Work task:
Using the records below, write out only the lines from the line containing "Desniy Beyaz Cilt Topuklu Ayakkabı" up to and including the line containing "4:上に、南瓜が重ならないように散らしたら、炊飯器で普通に炊きましょう。", exactly, with no pictures.

━━ Given data ━━

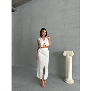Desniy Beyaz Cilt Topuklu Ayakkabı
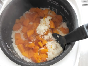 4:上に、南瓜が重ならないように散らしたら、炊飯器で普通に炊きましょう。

━━━
━━ Given data ━━

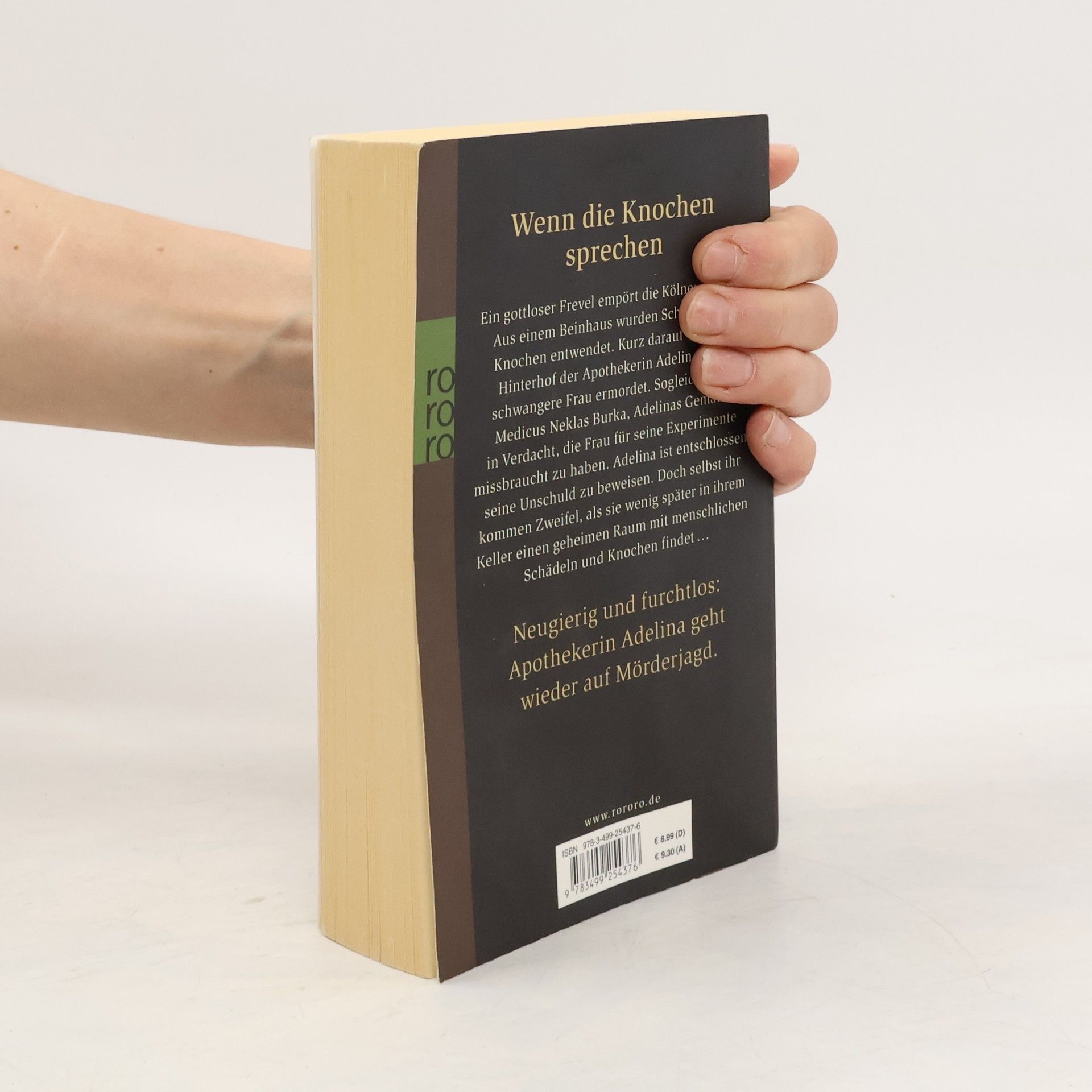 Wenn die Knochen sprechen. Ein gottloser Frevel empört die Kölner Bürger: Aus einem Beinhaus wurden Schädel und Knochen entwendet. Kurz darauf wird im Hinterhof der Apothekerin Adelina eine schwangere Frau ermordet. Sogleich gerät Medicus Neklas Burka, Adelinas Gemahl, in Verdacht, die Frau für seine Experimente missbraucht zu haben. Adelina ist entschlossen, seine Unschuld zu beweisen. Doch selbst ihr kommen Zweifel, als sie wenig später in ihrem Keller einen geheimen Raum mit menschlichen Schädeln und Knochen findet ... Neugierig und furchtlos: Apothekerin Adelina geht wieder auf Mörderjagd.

━━━

Finished exercise:
Desniy Beyaz Cilt Topuklu Ayakkabı
 4:上に、南瓜が重ならないように散らしたら、炊飯器で普通に炊きましょう。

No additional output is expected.